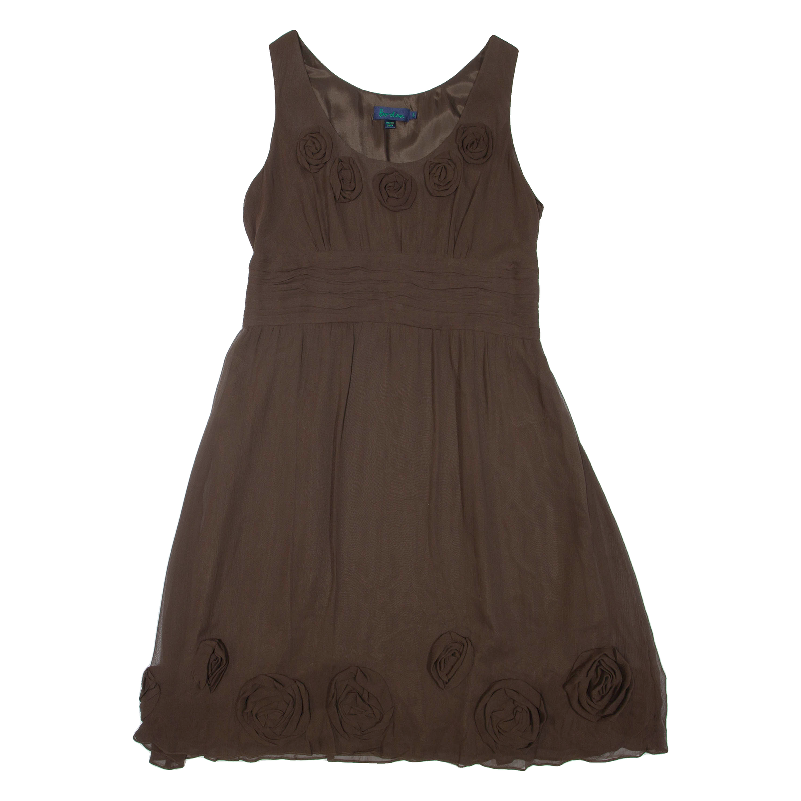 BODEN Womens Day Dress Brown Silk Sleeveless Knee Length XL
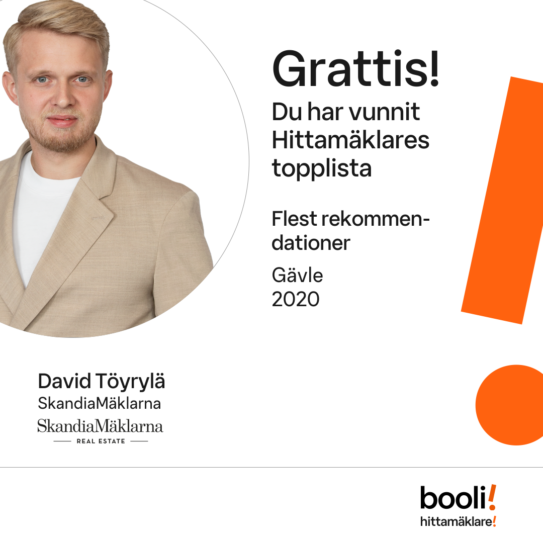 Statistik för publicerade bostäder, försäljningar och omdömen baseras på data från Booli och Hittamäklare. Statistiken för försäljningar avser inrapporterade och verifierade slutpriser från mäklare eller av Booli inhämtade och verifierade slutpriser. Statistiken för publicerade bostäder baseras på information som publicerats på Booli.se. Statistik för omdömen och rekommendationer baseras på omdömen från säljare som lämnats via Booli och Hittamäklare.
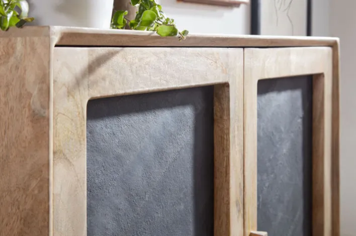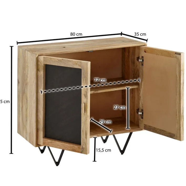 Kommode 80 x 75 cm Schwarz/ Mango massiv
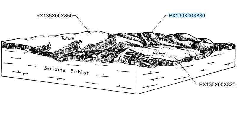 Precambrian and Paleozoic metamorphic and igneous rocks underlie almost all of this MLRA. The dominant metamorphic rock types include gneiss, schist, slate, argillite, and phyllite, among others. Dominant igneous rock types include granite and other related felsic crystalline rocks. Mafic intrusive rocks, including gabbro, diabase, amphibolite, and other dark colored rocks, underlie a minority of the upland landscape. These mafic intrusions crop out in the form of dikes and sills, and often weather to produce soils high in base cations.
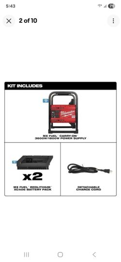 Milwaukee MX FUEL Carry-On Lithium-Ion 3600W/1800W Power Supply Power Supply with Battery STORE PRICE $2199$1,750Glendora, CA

══════

WHAT TO PRODUCE:
Without any pictures, restate word for word only the lines from the one with "Statistik för publicerade" through the end of the listing.

ANSWER SPACE:
 Statistik för publicerade bostäder, försäljningar och omdömen baseras på data från Booli och Hittamäklare. Statistiken för försäljningar avser inrapporterade och verifierade slutpriser från mäklare eller av Booli inhämtade och verifierade slutpriser. Statistiken för publicerade bostäder baseras på information som publicerats på Booli.se. Statistik för omdömen och rekommendationer baseras på omdömen från säljare som lämnats via Booli och Hittamäklare.
 Kommode 80 x 75 cm Schwarz/ Mango massiv
 Precambrian and Paleozoic metamorphic and igneous rocks underlie almost all of this MLRA. The dominant metamorphic rock types include gneiss, schist, slate, argillite, and phyllite, among others. Dominant igneous rock types include granite and other related felsic crystalline rocks. Mafic intrusive rocks, including gabbro, diabase, amphibolite, and other dark colored rocks, underlie a minority of the upland landscape. These mafic intrusions crop out in the form of dikes and sills, and often weather to produce soils high in base cations.
 Milwaukee MX FUEL Carry-On Lithium-Ion 3600W/1800W Power Supply Power Supply with Battery STORE PRICE $2199$1,750Glendora, CA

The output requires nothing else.